The officers, including Sgt. Ronald Watts, ordered Williams and several others who did not run into the lobby. “After I was searched, Watts led me away from the rest of the group of people detained in the lobby,” Williams said. “He asked me where the people who ran went. I told him I didn’t live there and I didn’t know where they all ran to.”
Watts pointed to another officer who was holding a bag of drugs in his hand. “Watts pointed at the drugs and said that if I wouldn’t tell him what apartment everyone ran into, that he was going to put those drugs on me,” Williams said. “I told him I didn’t know. I honestly had no idea where those people went to. Watts then told me I was going to jail.”
Williams was charged with possession of 27 baggies of crack cocaine. On January 9, 2008, Williams pled guilty in Cook County Circuit Court to possession of a controlled substance. “I told my public defender that I was being framed,” Williams said. “The public defender recommended that I take a plea deal because I couldn’t beat these officers.”
Cook County Circuit Court Judge John Kirby sentenced Williams to three years in prison.
In 2012, Watts and a fellow officer, Kallatt Mohammed, were caught on tape stealing money from a man they believed was a drug courier, but who was in fact working as a confidential FBI informant. In 2013, Watts and Mohammed pled guilty in U.S. District Court to taking money from the informant. Mohammed was sentenced to 18 months in prison, and Watts was sentenced to 22 months in prison. In 2021, Jones was placed on administrative leave and his police powers were suspended.

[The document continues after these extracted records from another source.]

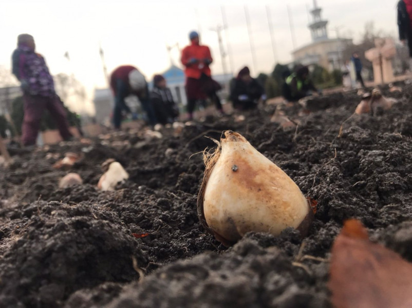На столичных клумбах началась посадка луковиц тюльпанов.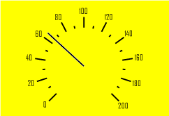 After executing the example, on clicking the button, formatting parameters of the speedometer displayed in the SpeedometerBox1 component are changed. A solid yellow color is set for the speedometer background.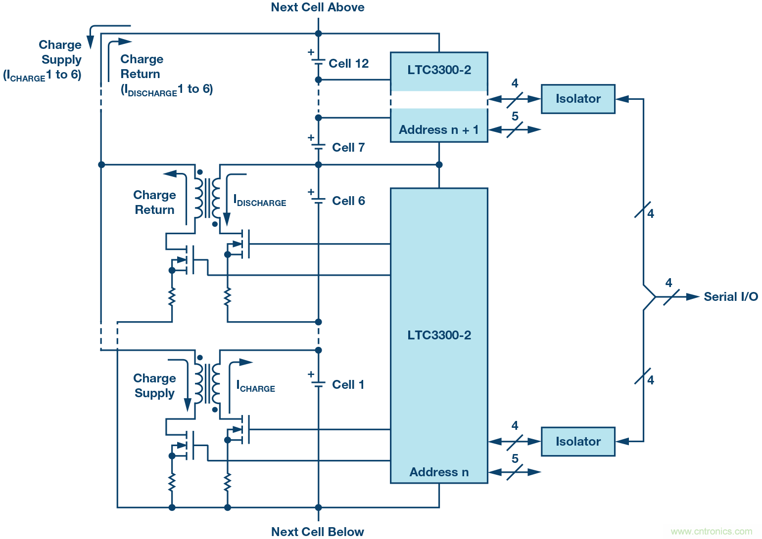圖4. LTC3300-2高效率、雙向、多電池單元主動均衡器。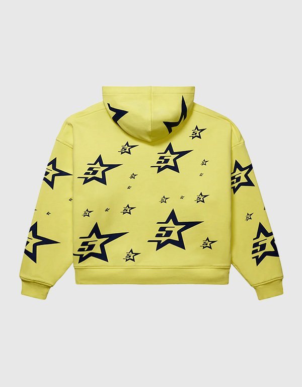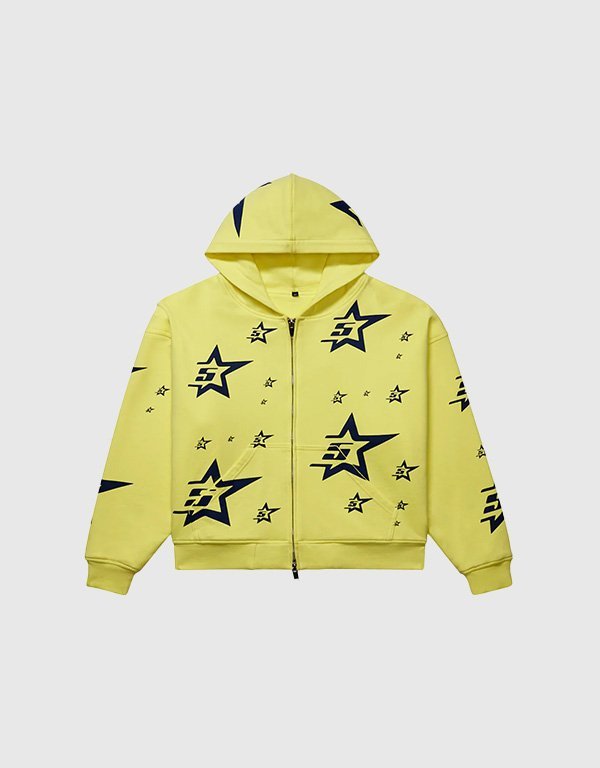 The Sp5der Double Layer 5 Star Zip Yellow Hoodie is a high-quality streetwear zip-up hoodie featuring a double-layer design that enhances warmth and durability.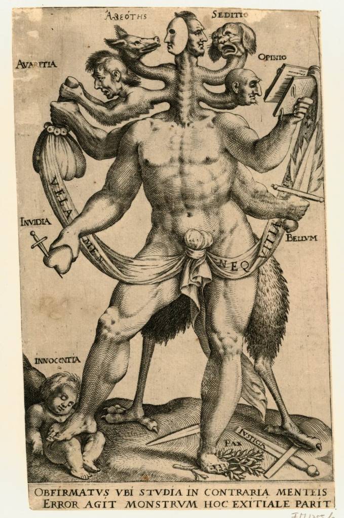 Mirror of moder man: The drawing shows the five-headed and four-legged monster. This monster has the heads of Avarice (Avaritia), Stupidity (Stupiditas), Deceit (Fraus), Sedition (Seditio) and Opinion (Opinio). In his hands, he bears attributes of Envy (Invidia) and War (Bellum). Under his feet, he tramples the Innocence and Peace (Pax) and Justice (Justitia). With inscriptions in Dutch and Latin. (1616)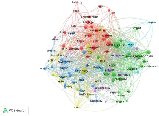 For the network map shown in Figure 3, a cluster resolution of 1.0 was applied, and a minimum of three items was required to form a cluster. The nodes (circle) represent the keywords of the search results, and their size indicates the number of times that these words are repeated, from most common to least frequently appearing in the literature. The result indicates that the selected keywords did not appear prominently on the map, but only a limited number appeared alongside many other terms. This confirms the diversity of the keywords in articles on cultural heritage management. It also shows the weak presence of keywords related to tangible heritage management and conservation plans. The diversity of the keywords also indicates the fragmentation of the focus of the articles on various aspects of heritage management. This explains the limited literature selected compared to the vast literature produced by the three selected search engines.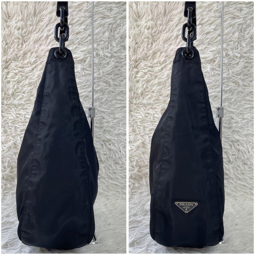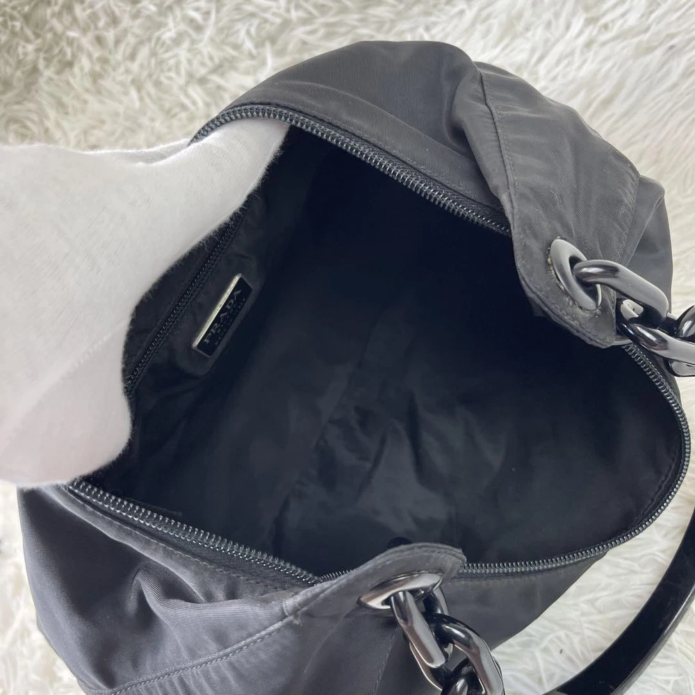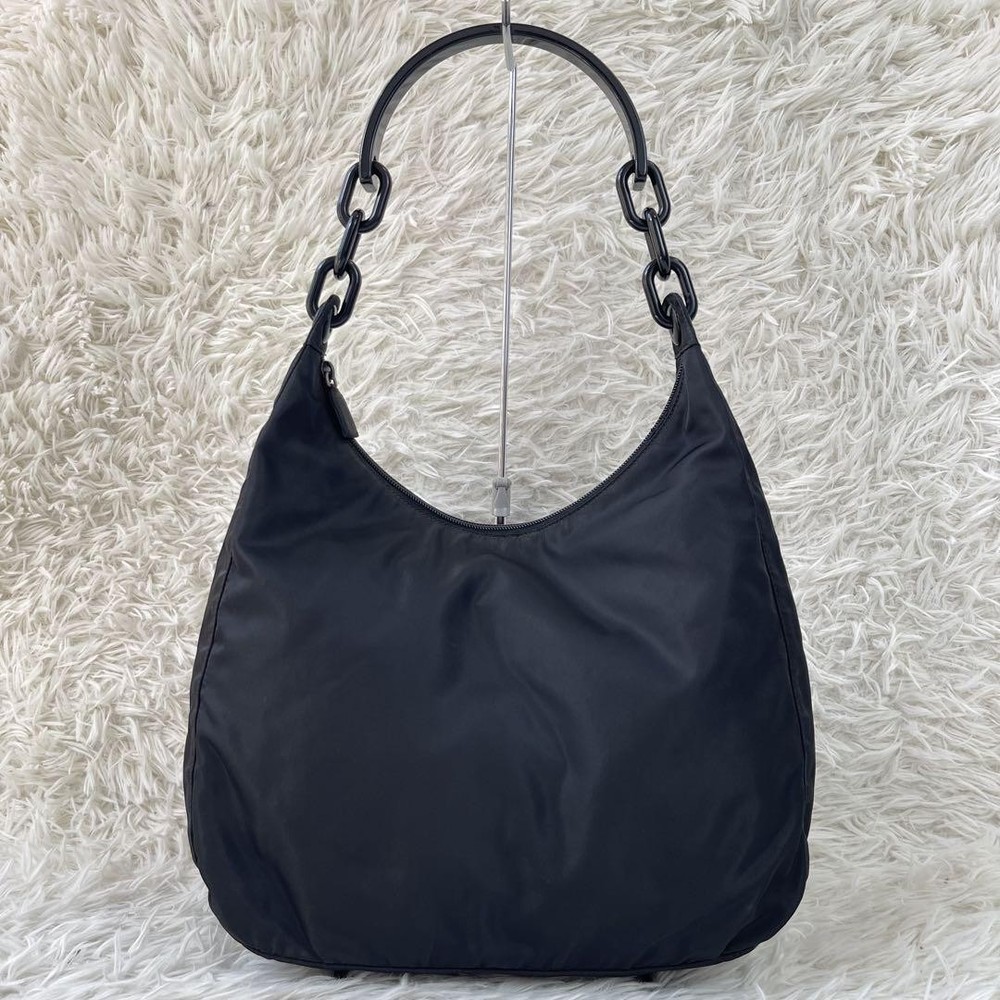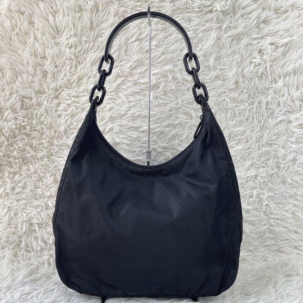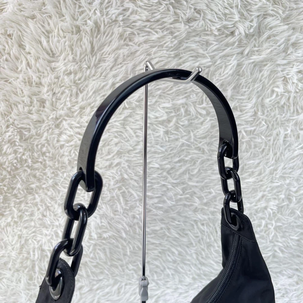 This Prada one-shoulder bag is a stunning statement piece! The black plastic chain gives it a sleek, edgy look while staying lightweight and comfortable. Even though it’s pre-owned, the condition is fantastic—just minor wear that adds character. The craftsmanship is top-notch, and the design is so versatile—perfect for nights out or elevating a casual outfit. Shipping from Japan was smooth, and the seller was super responsive. Absolutely love it!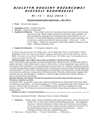 BIULETYN RODZINY RÓŻAŃCOWEJ DIECEZJI RADOMSKIEJ Nr.71 – maj 2014 r Program spotkania kółka różańcowego - Maj 2014 r. Pieśń – Chwalcie łąki umajone .... Zapalający świece – Światło Chrystusa. Wszyscy – Bogu niech będą dzięki. Kapłan lub Zelatorka – Przez śmierć na krzyżu i chwalebne zmartwychwstanie Jezus dokonuje zbawienia świata. Maryja stojąca pod krzyżem otrzymuje misję specjalną : ma stać się Matką dla rodzącego się z przebitego boku Jezusa Kościoła. Św. Jan Paweł II w swoim herbie biskupim i papieskim ukazał tę właśnie tajemnicę. Jest w nim krzyż, pod krzyżem litera M i jego zawołanie : „Totus tuus” – „Cały Twój”. Papież – Polak uczy nas postawy całkowitego oddania się Bogu na wzór Maryi – Pokornej Służebnicy Pana. Kapłan lub Zelatorka – Z Ewangelii według Św. Jana A obok krzyża Jezusowego stały: Matka Jego i siostra Matki Jego, Maria, żona Kleofasa, i Maria Magdalena. Kiedy więc Jezus ujrzał Matkę i stojącego obok Niej ucznia, którego miłował, rzekł do Matki: Niewiasto, oto syn Twój. Następnie rzekł do ucznia: Oto Matka twoja. I od tej godziny uczeń wziął Ją do siebie (J 19, 25–27). Intencja ogólna: Aby środki przekazu były narzędziami w służbie prawdy i pokoju. Tylko człowiek jako istota myśląca wytwarzał narzędzia które służyły do pracy. Współczesne media to potężne narzędzie , które działa niestety czasem w dwie strony. Te same czasopisma, stacje radiowe czy telewizyjne, strony internetowe , które promują styl życia nie liczący się z żadnymi zasadami etycznymi za chwilę ukazują dramaty ludzkie, patologie rodzin , których przyczyną jest właśnie brak jakichkolwiek zasad moralnych. Te same media , które posługują się manipulacją, czyli nieprawdą za chwilę ujawniają afery finansowe, polityczne czyniąc siebie obrońcami prawdy. Prawdziwy pokój można osiągnąć tylko na drodze prawdy. Nieustawajmy w modlitwie w intencji środków przekazu aby służyły prawdzie, a przez to przyczyniały się do pokoju. Intencja misyjna: Aby Maryja, Gwiazda Ewangelizacji, kierowała misją Kościoła, głoszącego Chrystusa wszystkim narodom. Za nim były GPS , to gwiazdy wskazywały wędrowcom kierunek nocą, kiedy trudno było obrać dobry cel. Piękny jest tytuł Maryi - Gwiazda Ewangelizacji . To Ona wskazuje kierunek wśród ciemności zła i grzechu . Ona prowadzi do Chrystusa- i to w bezbłędny sposób. Ona Świeci zagubionym wśród ciemności grzechu. W Jej Matczyne ręce powierzamy Kościół, którego misją jest głoszenie Chrystusa całemu światu. Modlimy się także i w naszych intencjach :(zachęcić do podania swoich osobistych intencji np. o zdrowie dla kogoś z rodziny itp. ) Rozważmy tajemnicę II Światła – Objawienie Jezusa w Kanie Galilejskiej Zelatorka - Maryja, która w Kanie Galilejskiej widzi kłopot nowożeńców zwraca się wprost do Jezusa. Wie, że Jezus może zaradzić każdej ludzkiej potrzebie . Ona doskonale rozumie, ze cud może dokonać się tylko wtedy, jeśli człowiek uwierzy dlatego zwraca się z poleceniem do sług: „zróbcie wszystko cokolwiek wam powie”. W ten sposób Maryja ukazuje na czym polega Jej wstawiennictwo – zawsze wskazuje na Jezusa i prosi aby wypełniać Jego wolę. Ojcze nasz.... Zdrowaś Mario ..../ 10 razy/ Chwała Ojcu ....., O Mój Jezu...... 1 Królowo Różańca Św. – módl się za namiZa zmarłych członków..................... Wieczny odpoczynek........... Konferencja –prowadzi kapłan lub Zelatorka Ofiarowanie w świątyni Maryja i Józef nie mieli najmniejszych wątpliwości co do konieczności wypełnienia Prawa. Ich posłuszeństwo nakazom Starego Przymierza zawierało w sobie coś więcej niż legalizm. Dając prowadzić się Duchowi Świętemu sprawili, że na ich rękach Pan przybył do swojej świątyni i było to niezwykłe przybycie, bo w słabości dziecka. Pan zaś przybył nie w celu dokonania sądu nad tymi, którzy nie przestrzegali prawa, ale po to, aby poddać się posłuszeństwu wobec Ojca. Dlatego na początku publicznej działalności, w czasie Kazanie na Górze, Jezus powie, że nie przyszedł, aby znieść Prawo albo Proroków, lecz żeby je wypełnić (Mt 5,17). Posłuszeństwo Prawu i Duchowi Świętemu, które wypełniało życie Maryi i Józefa okazało się błogosławieństwem dla innych. To dzięki niemu Symeon i Anna mogli zobaczyć oczekiwanego Mesjasza. Symeon, którego imię oznacza „Bóg wysłuchał”, doczekał w swoim wiernym trwaniu chwili, gdy mógł wziąć w objęcia Dziecię i poczuć, że jego życie naznaczone oczekiwaniem dobiega szczęśliwego końca. Ale pragnienie ujrzenia Zbawiciela, jakie było w tym sprawiedliwym i pobożnym człowieku towarzyszy wszystkim ludziom dobrej woli. Grecy, którzy przybyli do Jerozolimy z pielgrzymką paschalną powiedzieli do apostoła Filipa: „Chcemy ujrzeć Jezusa” (J 12,21) Każdy kto pragnie odnaleźć Prawdę, Dobro, Piękno, Drogę, Życie ostatecznie poszukuje Jezusa Chrystusa. Gdy kończył się Jubileusz Roku 2000 św. Jan Paweł II napisał, że nie trzeba wyszukiwać programu na nowe tysiąclecie chrześcijaństwa. Program już istnieje, ciągle i niezmiennie ten sam, a jest nim poznawanie, kochanie i naśladowanie Jezusa (NMI 29). Proces ten rozpoczyna się od kontemplacji oblicza Syna Bożego. Natomiast pełna kontemplacja naszego Zbawiciela zawiera w sobie wpatrywanie się i w oblicze cierpiące i oblicze Zmartwychwstałego. W tej postawie upodabniamy się do Maryi, zawsze obecnej przy Synu. Starzec Symeon powiedział do Maryi: „ … a Twoją duszę miecz przeniknie, aby na jaw wyszły zamysły serc wielu” (Łk 2,35). Miecz w Biblii jest symbolem słowa Bożego. Opierając się na licznych komentarzach możemy powiedzieć, że terminu „miecz” z proroctwa Symeona nie można ograniczać tylko do współcierpienia Maryi pod krzyżem. Wprawdzie proroctwo to osiągnęło s

Federal prosecutors said Watts “used his badge and his position as a sergeant with the Chicago Police Department to shield his own criminal activity from law enforcement scrutiny. He recruited another CPD officer into his crimes, stealing drug money and extorting protection payments from the drug dealers who terrorized the community that he [Watts] had sworn to protect.”
In 2006, Ben Baker was convicted twice—once alone and a second time with his wife, Clarissa Glenn, on charges of narcotics possession based on false testimony from Watts. In 2015, Joshua Tepfer, an attorney at the Exoneration Project at the University of Chicago Law School, filed a petition to vacate Baker’s first conviction, citing the corruption of Watts and his unit. The Cook County State’s Attorney’s Office’s Conviction Integrity Unit agreed in January 2016 that Baker’s first conviction should be vacated, and the petition was granted. Later in 2016, a petition filed on behalf of Baker and Glenn also was granted.
Beginning in December 2016, Tepfer and attorney Joel Flaxman filed motions for new trials on behalf of dozens of men and women who claimed they were falsely convicted based on the corruption of Watts and his team. “The full known scope of the corrupt, more-than-decade-long criminal enterprise of Sergeant Watts…shows that Sergeant Watts led a tactical team of Chicago police officers that engaged in systematic extortion, bribery, and other related crimes…from as far back as the late 1990s through 2012,” their motions said.
The Cook County State’s Attorney’s Office’s Conviction Integrity Unit (CIU) began investigating the cases and agreed that the convictions should be vacated and dismissed.
On February 16, 2022, following an investigation by the CIU, Williams’s conviction, along with the convictions of 14 others framed by Watts and his fellow officers, was vacated and the charge was dismissed. These dismissals raised the total of convictions tainted by Watts and members of his unit to nearly 150. Williams was granted a certificate of innocence in April 2022 and was awarded $60,000 in state compensation. He filed a federal civil rights lawsuit against the city of Chicago in 2022.